_Stored dataset items:_

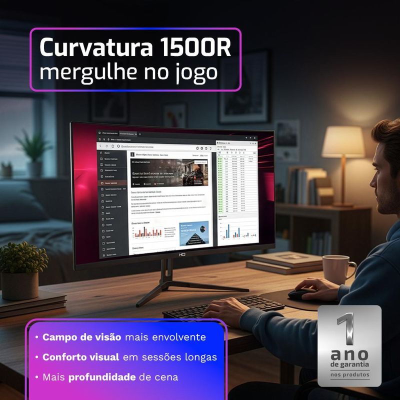 Prepare-se para a verdadeira imersão com o Monitor Gamer LED Curvo HQ 32”. Com proporção ultrawide 16:9, ele oferece uma visão ampla, perfeita para games, filmes e produtividade.
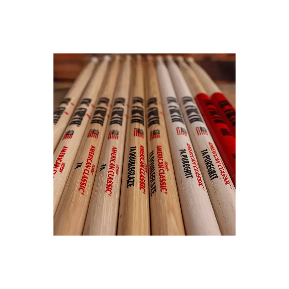 Vic Firth 7AN American Classic Nylon jsou bubenické paličky ze dřeva hickory. Jedná se o tu nejklasičtější klasiku mezi kvalitními paličkami. Délka paliček je 394 mm, průměr paličky je 13,7 mm. Vybrané hikorové dřevo je hutné s malým průhybem a zvuk je tím pádem pronikavější. Jedná se o odolné paličky schopné snést silnější údery. Špička je kapkového tvaru a paličky jsou kratší a jsou tak vhodné pro jazz, combo a další styly, kde nutný rychlý pohyb po celé sadě. Potažení špičky nylonem dodává větší čistotu zvuku při hře na činely. Vyrobeno v USA z vybraných materiálů. Připravil PJ
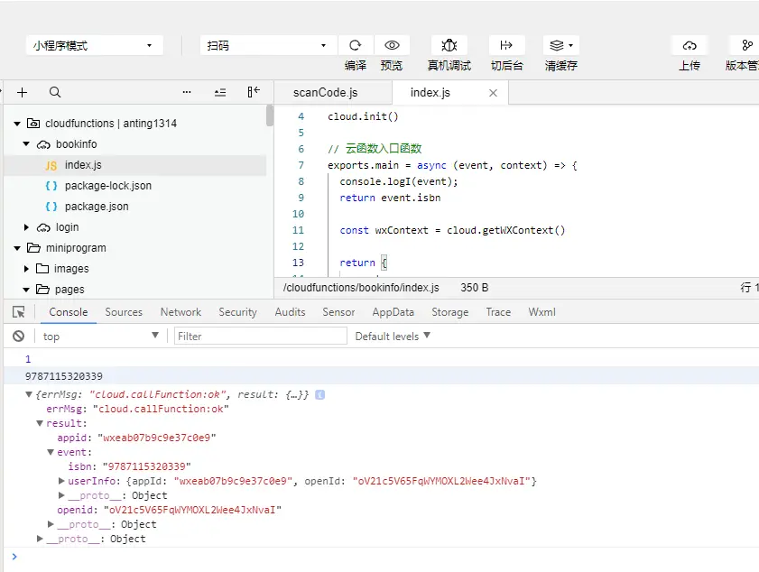 小程序云开发实战一:小程序扫一扫获取到图书ISBN码(图书条形码)
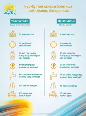 Мемлекет басшысы Қасым-Жомарт Тоқаев жария еткен «Өзгерістер жолы: Әр азаматқа лайықты өмір!» атты Сайлауалды бағдарлама аясында жыл басынан бері Нұр-Сұлтан қаласында 20 мыңнан астам тұрақты жұмыс орны ашылып, 7 дәрігерлік амбулатория пайдалануға берілді, 96 көше жөндеуден өтті және т.б. Бұл жұмыстардың басым бөлігі қала шетінде жүргізілді.
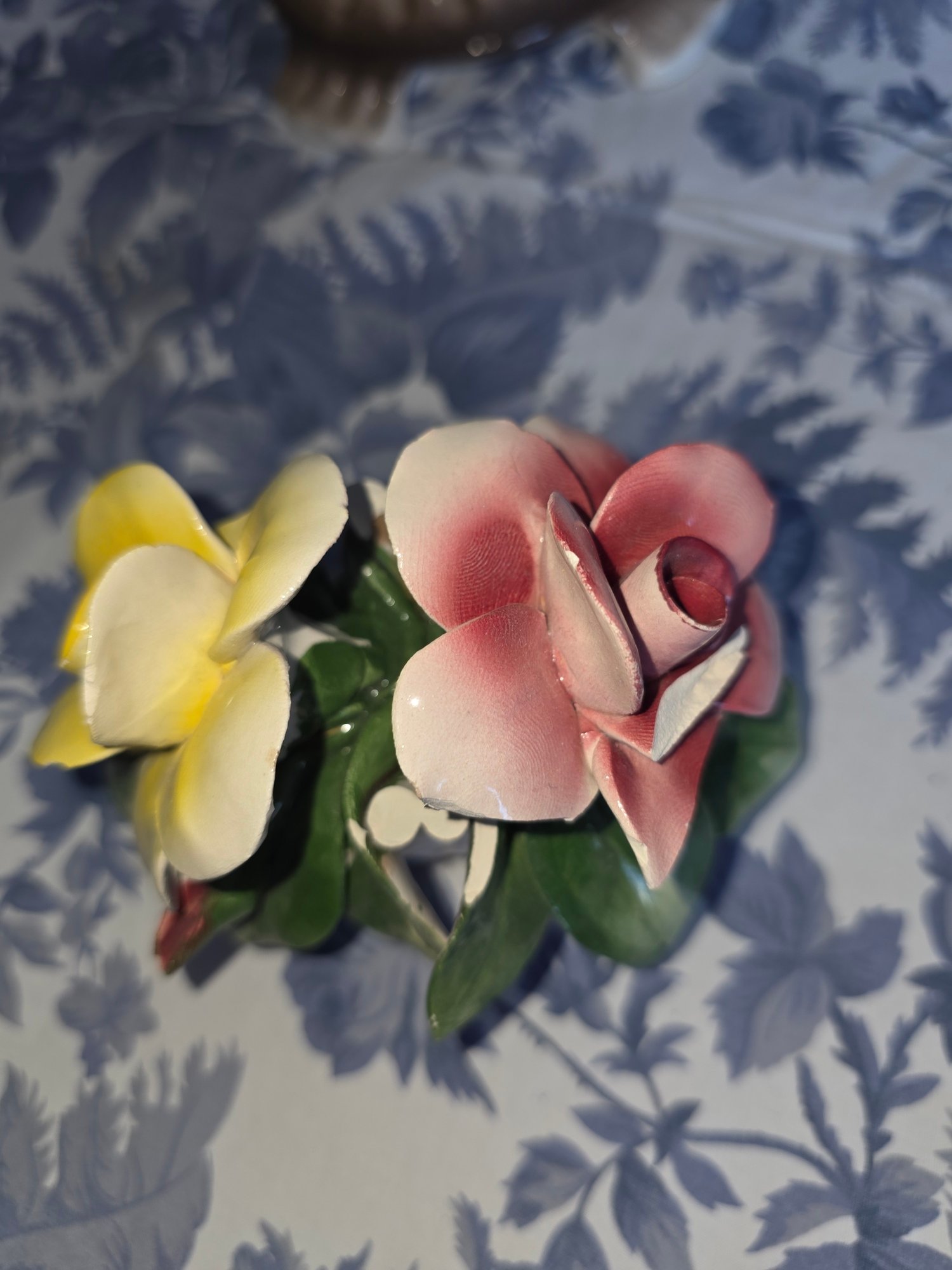 Vintage Italian Hand Painted Porcelain Nuova Capodimonte Floral Figurine. Marked. *Note Damage
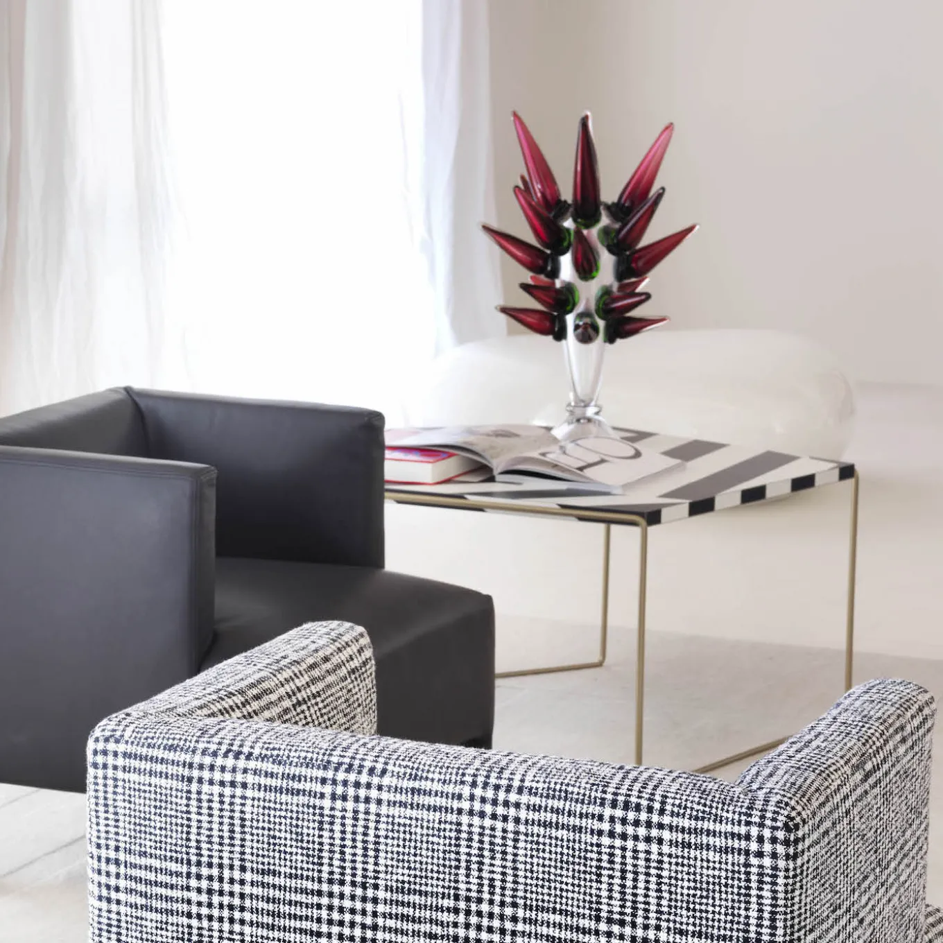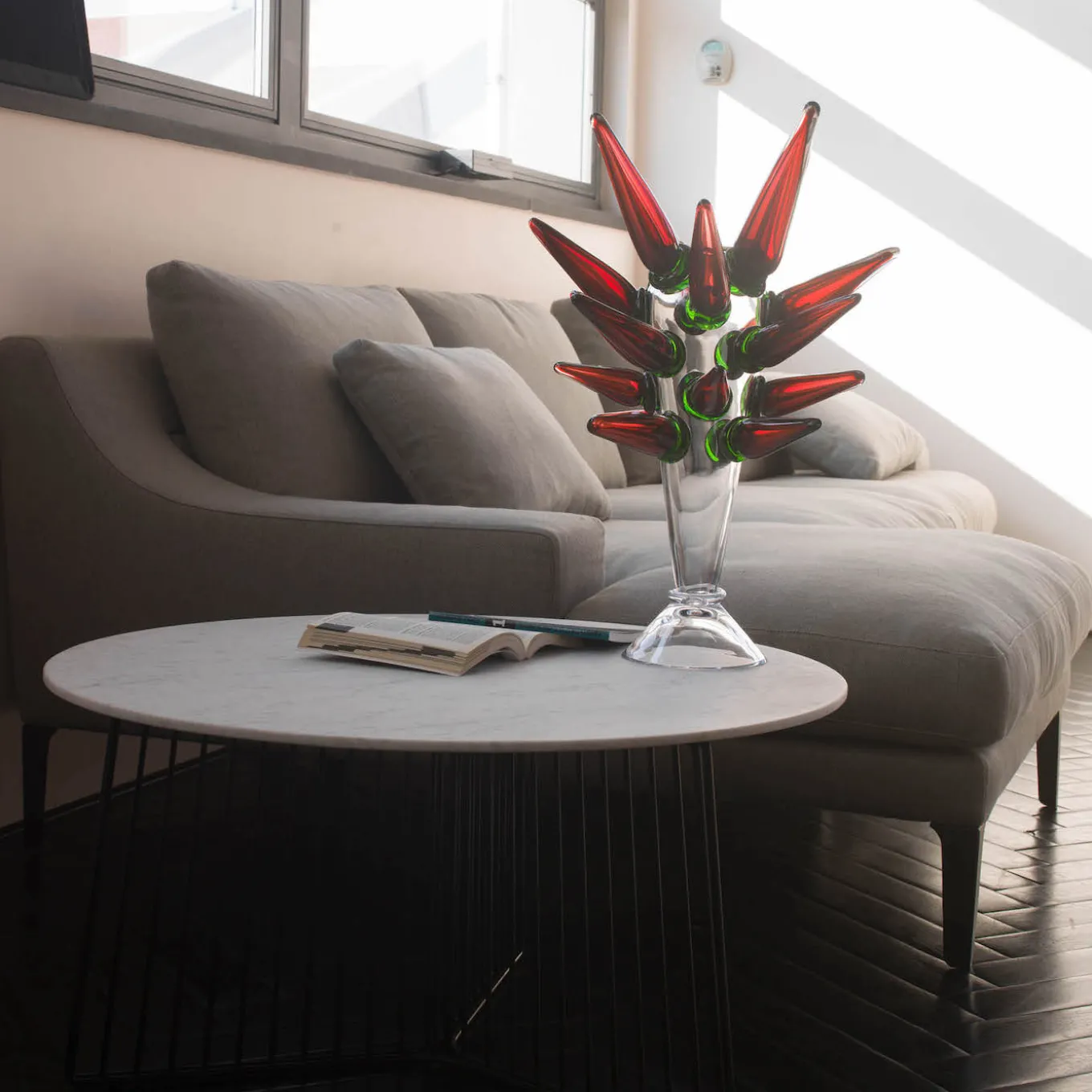 An eccentric design distinguished by thorn-like protuberances in green and red mark this precious glass vase. Brimming with sculptural allure, it is sure to catalyze attention wherever it is placed, thanks to its interplays of dramatic volumes, transparencies, and generous dimensions. A conical base completes this singular glass masterpiece designed by Borek Sipek.
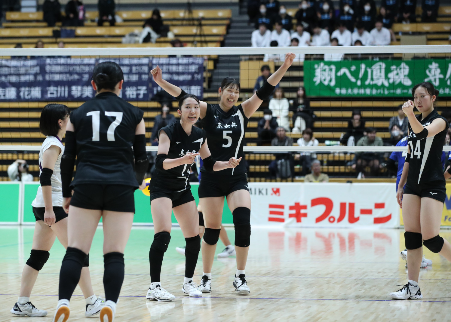 女子決勝は関東大学1部リーグ戦で春、秋と優勝した東京女子体育大学と、西日本インカレを制した鹿屋体育大学のカードとなりました。第1セットは鹿屋体育大学が、佐藤花楠選手のブロックなどで立ち上がりから6連続得点。山下遥華キャプテンや天野恋選手のスパイクでさらに点差を広げると、激しい追い上げをかわしてセットを先取します。第2セットは16-14と東京女子体育大学がリードした場面で渡邊彩美選手のサービスエースが決まり、勢いに乗ってセットを取り返します。東京女子体育大学は第3セット以降も佐藤彩夏選手や酒井夏菜選手の得点で主導権を握り続け、最後は小園瞳選手がブロックを決め3-1(23-25、25-19、25-19、25-17)で勝利。55年ぶり2度目の日本一をつかみました。

_Work to complete:_ Word-for-word output of every record is needed, with images omitted.

_Output:_
 Prepare-se para a verdadeira imersão com o Monitor Gamer LED Curvo HQ 32”. Com proporção ultrawide 16:9, ele oferece uma visão ampla, perfeita para games, filmes e produtividade.
 Vic Firth 7AN American Classic Nylon jsou bubenické paličky ze dřeva hickory. Jedná se o tu nejklasičtější klasiku mezi kvalitními paličkami. Délka paliček je 394 mm, průměr paličky je 13,7 mm. Vybrané hikorové dřevo je hutné s malým průhybem a zvuk je tím pádem pronikavější. Jedná se o odolné paličky schopné snést silnější údery. Špička je kapkového tvaru a paličky jsou kratší a jsou tak vhodné pro jazz, combo a další styly, kde nutný rychlý pohyb po celé sadě. Potažení špičky nylonem dodává větší čistotu zvuku při hře na činely. Vyrobeno v USA z vybraných materiálů. Připravil PJ
 小程序云开发实战一:小程序扫一扫获取到图书ISBN码(图书条形码)
 Мемлекет басшысы Қасым-Жомарт Тоқаев жария еткен «Өзгерістер жолы: Әр азаматқа лайықты өмір!» атты Сайлауалды бағдарлама аясында жыл басынан бері Нұр-Сұлтан қаласында 20 мыңнан астам тұрақты жұмыс орны ашылып, 7 дәрігерлік амбулатория пайдалануға берілді, 96 көше жөндеуден өтті және т.б. Бұл жұмыстардың басым бөлігі қала шетінде жүргізілді.
 Vintage Italian Hand Painted Porcelain Nuova Capodimonte Floral Figurine. Marked. *Note Damage
 An eccentric design distinguished by thorn-like protuberances in green and red mark this precious glass vase. Brimming with sculptural allure, it is sure to catalyze attention wherever it is placed, thanks to its interplays of dramatic volumes, transparencies, and generous dimensions. A conical base completes this singular glass masterpiece designed by Borek Sipek.
 女子決勝は関東大学1部リーグ戦で春、秋と優勝した東京女子体育大学と、西日本インカレを制した鹿屋体育大学のカードとなりました。第1セットは鹿屋体育大学が、佐藤花楠選手のブロックなどで立ち上がりから6連続得点。山下遥華キャプテンや天野恋選手のスパイクでさらに点差を広げると、激しい追い上げをかわしてセットを先取します。第2セットは16-14と東京女子体育大学がリードした場面で渡邊彩美選手のサービスエースが決まり、勢いに乗ってセットを取り返します。東京女子体育大学は第3セット以降も佐藤彩夏選手や酒井夏菜選手の得点で主導権を握り続け、最後は小園瞳選手がブロックを決め3-1(23-25、25-19、25-19、25-17)で勝利。55年ぶり2度目の日本一をつかみました。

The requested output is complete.